(Beginning of Data for the task)

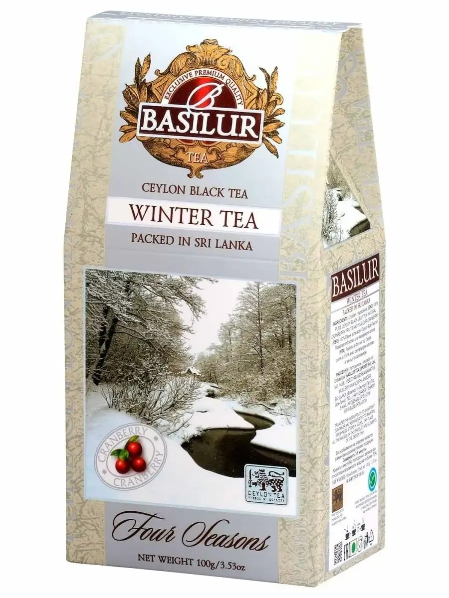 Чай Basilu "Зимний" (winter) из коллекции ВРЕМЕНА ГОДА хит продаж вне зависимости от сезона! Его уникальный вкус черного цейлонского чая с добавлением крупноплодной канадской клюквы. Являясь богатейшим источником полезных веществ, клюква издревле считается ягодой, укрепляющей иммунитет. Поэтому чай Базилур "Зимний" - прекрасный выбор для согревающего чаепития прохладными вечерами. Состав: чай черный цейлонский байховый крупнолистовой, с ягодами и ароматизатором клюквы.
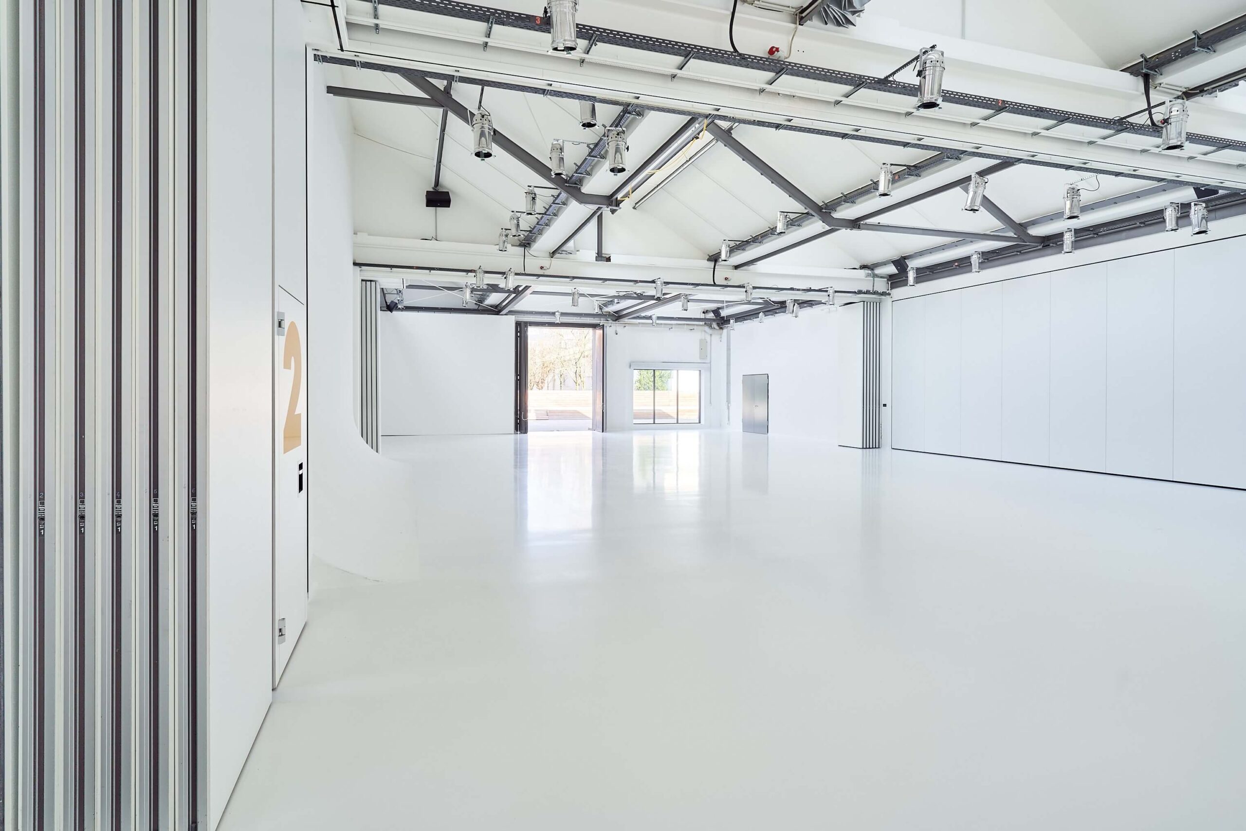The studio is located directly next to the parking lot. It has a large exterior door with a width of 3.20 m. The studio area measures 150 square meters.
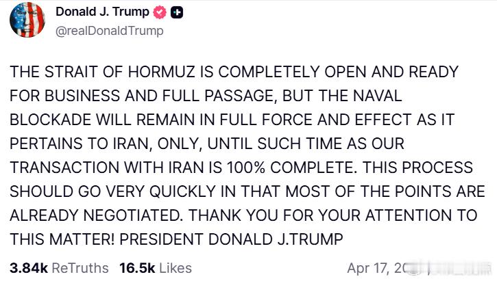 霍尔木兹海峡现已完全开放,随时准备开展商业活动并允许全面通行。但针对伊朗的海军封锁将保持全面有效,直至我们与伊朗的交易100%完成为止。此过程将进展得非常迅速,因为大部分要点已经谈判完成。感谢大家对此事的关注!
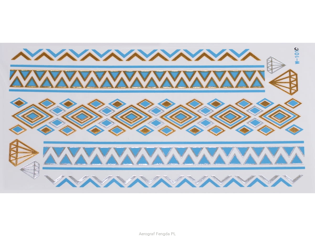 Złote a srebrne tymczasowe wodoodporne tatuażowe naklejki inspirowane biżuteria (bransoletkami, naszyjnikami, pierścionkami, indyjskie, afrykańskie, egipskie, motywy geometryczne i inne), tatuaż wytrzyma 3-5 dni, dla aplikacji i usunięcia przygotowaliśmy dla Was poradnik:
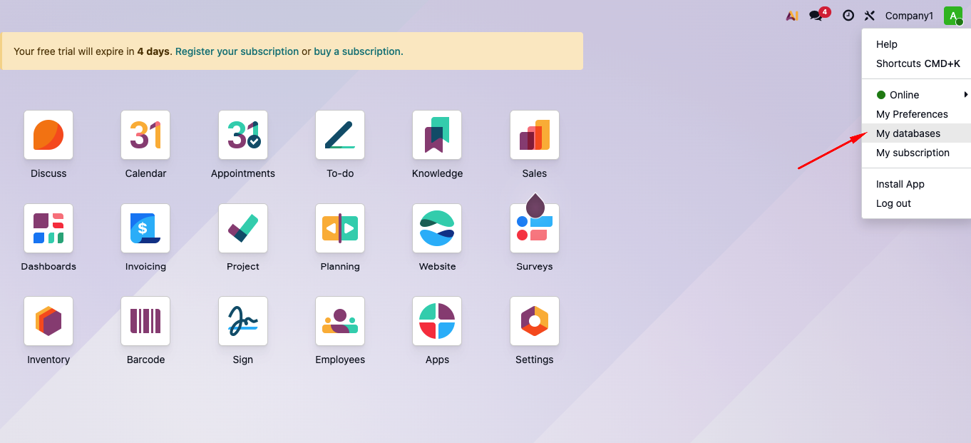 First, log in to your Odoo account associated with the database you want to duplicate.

(End of Data for the task)
(Beginning of Data for the task)

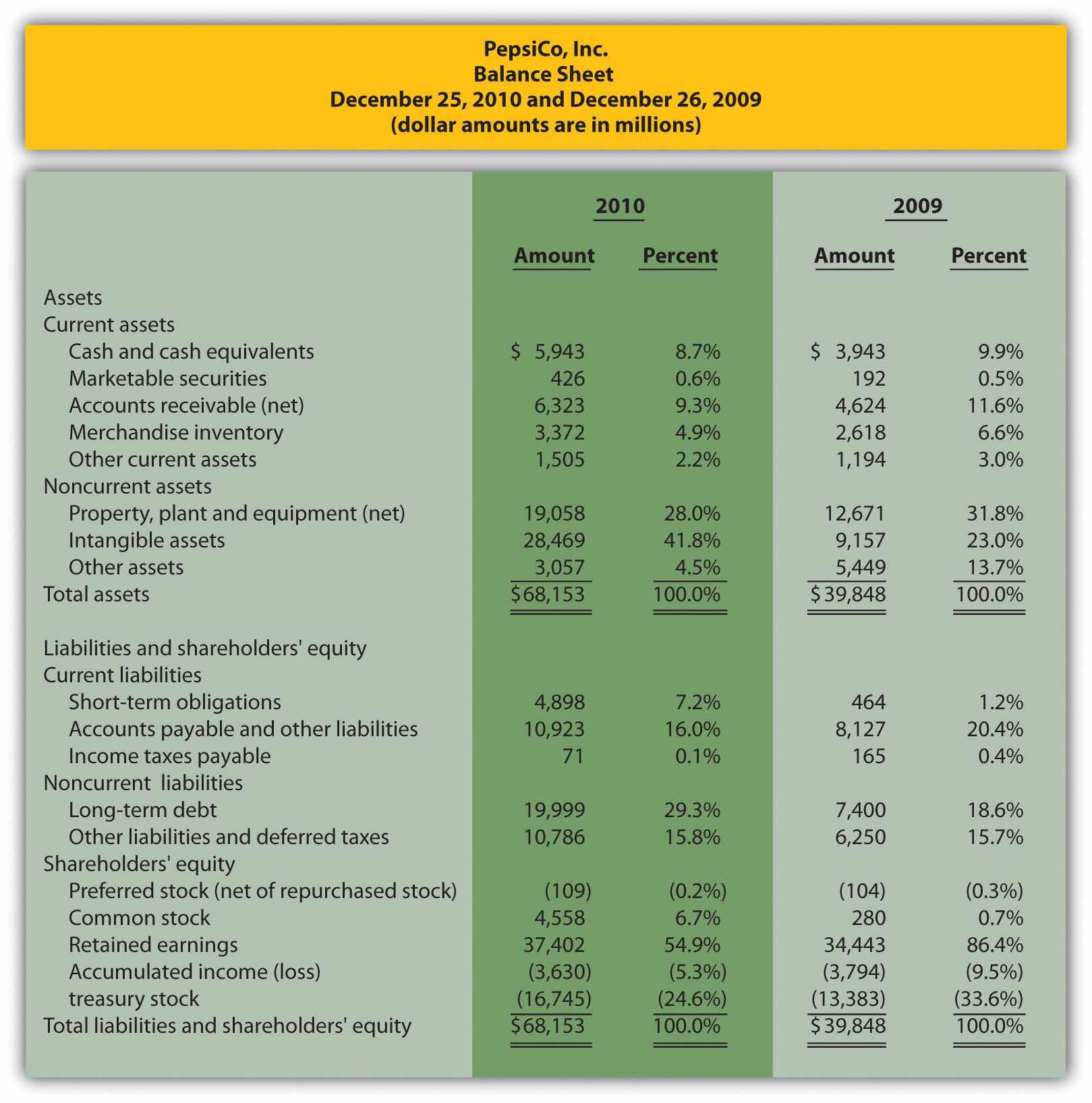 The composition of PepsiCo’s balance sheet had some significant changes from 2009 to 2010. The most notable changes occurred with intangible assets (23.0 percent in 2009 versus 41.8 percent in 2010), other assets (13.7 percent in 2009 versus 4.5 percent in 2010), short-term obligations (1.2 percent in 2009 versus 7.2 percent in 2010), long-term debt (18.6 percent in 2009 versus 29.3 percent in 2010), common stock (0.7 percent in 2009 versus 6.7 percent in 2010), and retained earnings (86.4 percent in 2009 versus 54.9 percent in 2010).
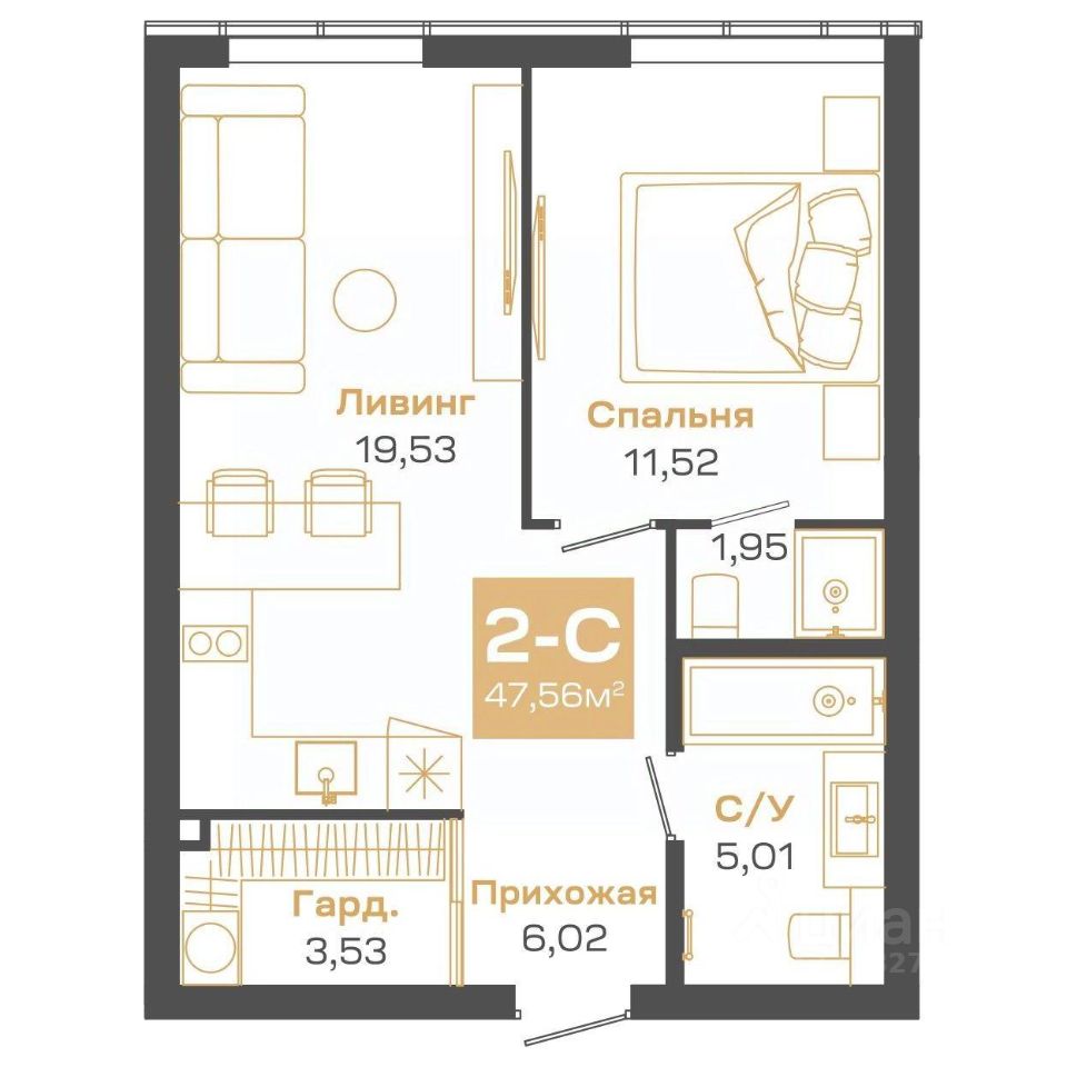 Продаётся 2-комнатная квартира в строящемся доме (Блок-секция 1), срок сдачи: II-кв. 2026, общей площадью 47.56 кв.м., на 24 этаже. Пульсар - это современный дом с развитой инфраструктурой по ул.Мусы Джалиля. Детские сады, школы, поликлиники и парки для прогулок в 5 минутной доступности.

(End of Data for the task)

Your assignment: What's needed is an exact copy of the lines above from the one with "Złote a srebrne" through the one with "First, log in", both included; the pictures stay out.

Solution for this problem:
 Złote a srebrne tymczasowe wodoodporne tatuażowe naklejki inspirowane biżuteria (bransoletkami, naszyjnikami, pierścionkami, indyjskie, afrykańskie, egipskie, motywy geometryczne i inne), tatuaż wytrzyma 3-5 dni, dla aplikacji i usunięcia przygotowaliśmy dla Was poradnik:
 First, log in to your Odoo account associated with the database you want to duplicate.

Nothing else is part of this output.